Aerial view of Boise Foothills with large black patterns from fire
Burn scar from the 2016 Table Rock Fire in the Boise Foothills. This man-made fire destroyed 1 home and nearly 2500 acres of native grassland.

Wildfire is a natural part of the ecosystem in the Treasure Valley. Each summer you can expect smoke from nearby fires to affect air quality in the region. (Source) Nearby fires may also impact travel around the Treasure Valley, and to popular destinations like the Sawtooth Mountains. 

Most people are not aware that wind-blown embers are the main cause of homes igniting during a wildfire. Dry, flammable debris like leaves in your gutters or branches on your roof can ignite long before the actual fire gets close.
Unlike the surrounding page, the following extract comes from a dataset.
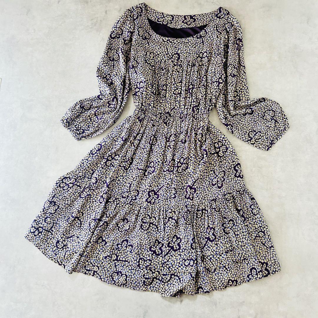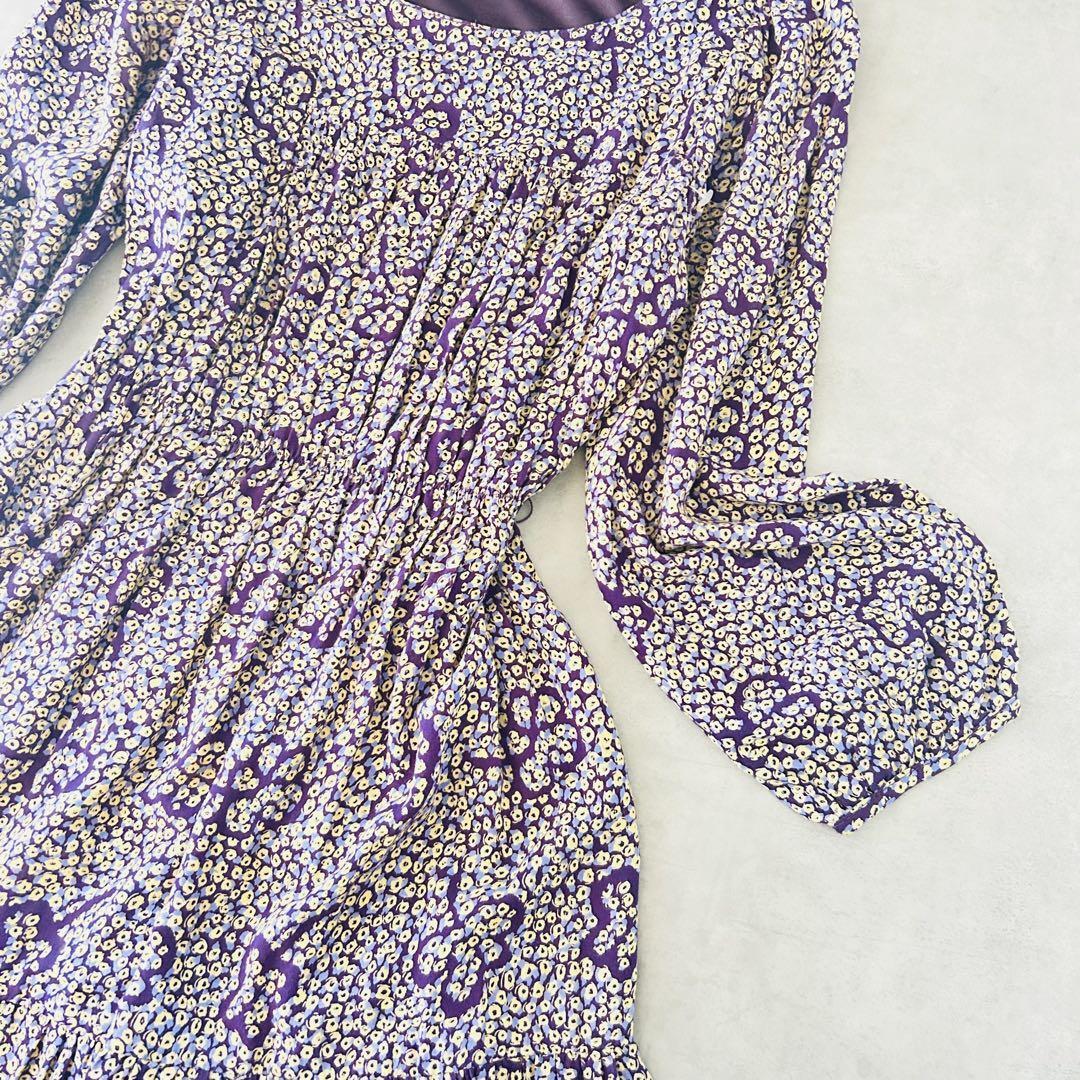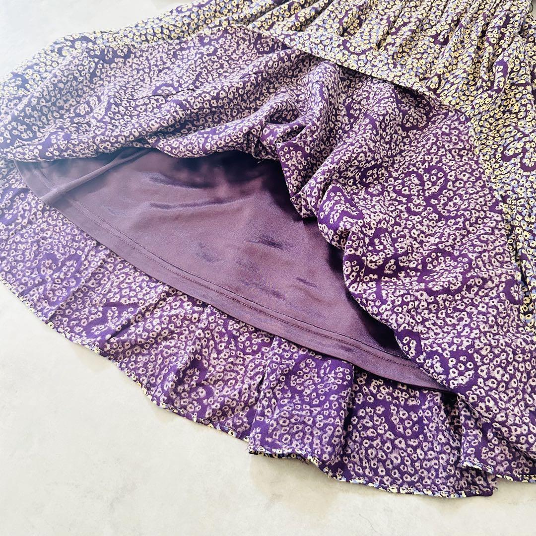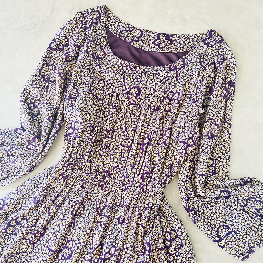 鮮やかなパープルベースにイエローの小花柄が映える一枚。

With some simple maintenance and regular clean-up around your home, these risks can be drastically reduced.

Worst-Case Scenario

Large fire around sagebrush
In August and September 2007, a lightning strike sparked the 48,000-acre Castle Rock wildfire near Ketchum, Idaho, threatening homes in the Sun Valley area. U.S. Fish and Wildlife Service Headquarters, Public domain, via Wikimedia Commons.
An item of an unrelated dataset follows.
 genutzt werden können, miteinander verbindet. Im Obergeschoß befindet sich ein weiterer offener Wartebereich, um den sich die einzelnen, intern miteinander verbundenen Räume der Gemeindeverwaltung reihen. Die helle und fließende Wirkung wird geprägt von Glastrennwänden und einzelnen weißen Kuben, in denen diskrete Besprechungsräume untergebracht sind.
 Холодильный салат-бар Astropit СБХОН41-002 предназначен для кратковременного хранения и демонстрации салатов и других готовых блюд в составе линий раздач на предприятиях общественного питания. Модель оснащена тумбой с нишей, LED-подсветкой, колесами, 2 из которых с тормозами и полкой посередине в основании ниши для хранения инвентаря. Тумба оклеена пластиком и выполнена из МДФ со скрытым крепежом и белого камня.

The foothills surrounding the Treasure Valley could catch fire and threaten people and property. In 2016, the Table Rock Fire burned nearly 2,500 acres and destroyed one home. It was started by an aerial firework. Read more about the fire here.

In 2008, the Oregon Trail Fire destroyed 20 homes and led to the death of Boise State University professor Mary Ellen Ryder. Read more about this fire here.

There is a heightened risk of floods and landslides after wildfire. Wildfire can cause significant vegetation loss and expose highly-erosive soil, creating the conditions for a landslide. Such landslides are also called post-fire debris flows. Several of these debris flows struck Boise in 1959. You can watch When the Pot Boiled Over to learn more. You can also hear local geomorphologist and BSU Professor Dr. Jen Pierce discuss these events and the risk of future debris flows in this conversation with Idaho Matters.

Person uses construction equipment to move debris
In 1959, a brushfire followed by an intense rainstorm in the Boise Foothills led to massive debris flows, burying neighborhoods in east Boise under 10 inches of mud. This image from the informational video “When the Pot Boiled Over” illustrates the huge amount of sediment that homeowners had to remove in the aftermath. Original video sponsored by the US Dept. of Agriculture and Forest Service Intermountain Region.

How to Prepare

Historically, humans have caused more than 80% of wildfires in the Treasure Valley. People who live, work, or recreate in the foothills should be aware of the wildfire risk in the region and take precautions to exclude ignition sources that put homes and the environment at risk.

There are many simple steps homeowners can take to reduce their risks, making their family, property and community safer from the real threat of wildfire.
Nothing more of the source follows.